Ståle Risberg, M. Sc., Spetals Verk AS

Magnus Jonassen, M. Sc., Spetals Verk AS

Roy Jonassen, M. Sc., Spetals Verk AS

Abstract

This paper will demonstrate the use of a surrogate model based approach for Francis turbine runners design. Spetals Verk has taken the benefit from a new parametric definition of the Francis turbine runner blade in combination with extensive and systematic CFD and FEM simulations, and is now implementing a surrogate model approach in their Francis turbine design process. This enables evaluating a large range of factors simultaneously, tuning the surrogate models to mimic the Francis turbine runner responses. The surrogate model is also a useful way to gain insight into the global behavior of various runner profiles.

A complete new design series of Common BladeFrancis runners are under development based on this approach.
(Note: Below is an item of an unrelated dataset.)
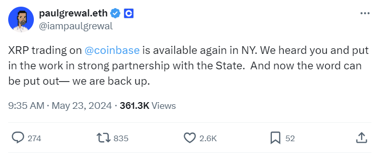 5 月 23 日,Coinbase 首席法务官保罗-格鲁瓦尔(Paul Grewal)宣布,纽约州的客户在中断 9 个月后,可以再次在该加密货币交易所交易 XRP。

The Common Blade name reflects that the same parametric blade description, in combination with systematic CFD and FEM simulations, is utilized in all projects. This ensures a systematic and continuous philosophy – optimizing the runner profiles according to the actual flow and head given by the nature in each specific project.

Introduction

One of the major challenges in hydro turbine design is to ensure a globally optimized design, taking into account the many responses of the turbine design such as performance at various operating points, cavitation, operating stresses, pressure pulsations, weight, size, fatigue life, vibration and manufacturability. Also, hydraulic interaction between the turbine components needs to be addressed, to ensure a globally optimized turbine design. Not only are there a large number of responses, but also the designer needs to consider these responses simultaneously. For example, a designer typically wants to increase efficiency without increasing operating stresses. Optimal settings of the design parameters for one response may be far from optimal, or even physically impossible, for another. In addition, the runner blades are geometrically complex and their shape is typically controlled by a large number of design parameters. Traditionally, the optimization of a turbine design involves setting the design parameters so that the result becomes as good as possible. Often this is done by changing one design parameter at a time, until no further improvement is achieved. This approach is normally denoted as the COST approach (Changing One Separate parameter at a Time) and is recognized to be very time consuming, even for an experienced designer. Focusing on few responses and/or design parameters at the time could also prevent insight into possible relationships between the various responses and design parameters. This approach could thus lead to a sub-optimized turbine design, or at worst, a turbine failing to meet its expectation on site.

Recent trends

Currently, hydro turbine designers rely to a large extent on simplified CFD solvers (typically 3D Euler or potential flow solvers) to reduce the CPU time needed for the optimization. These codes typically lack some accuracy in terms of performance predictions compared with the fully 3D Navier-Stokes solvers, especially far from best efficiency operation where turbulent flow is more dominant. Fully 3D Navier-Stokes solvers, which also include turbulence modelling, are mainly used in the final stage of the optimization for fine-tuning and verification. The optimization process is also usually manually driven, meaning that the designer is changing the geometry based on the previous simulation results. The final turbine design is therefore, to a large extent, reflecting the specific designer’s personal experience.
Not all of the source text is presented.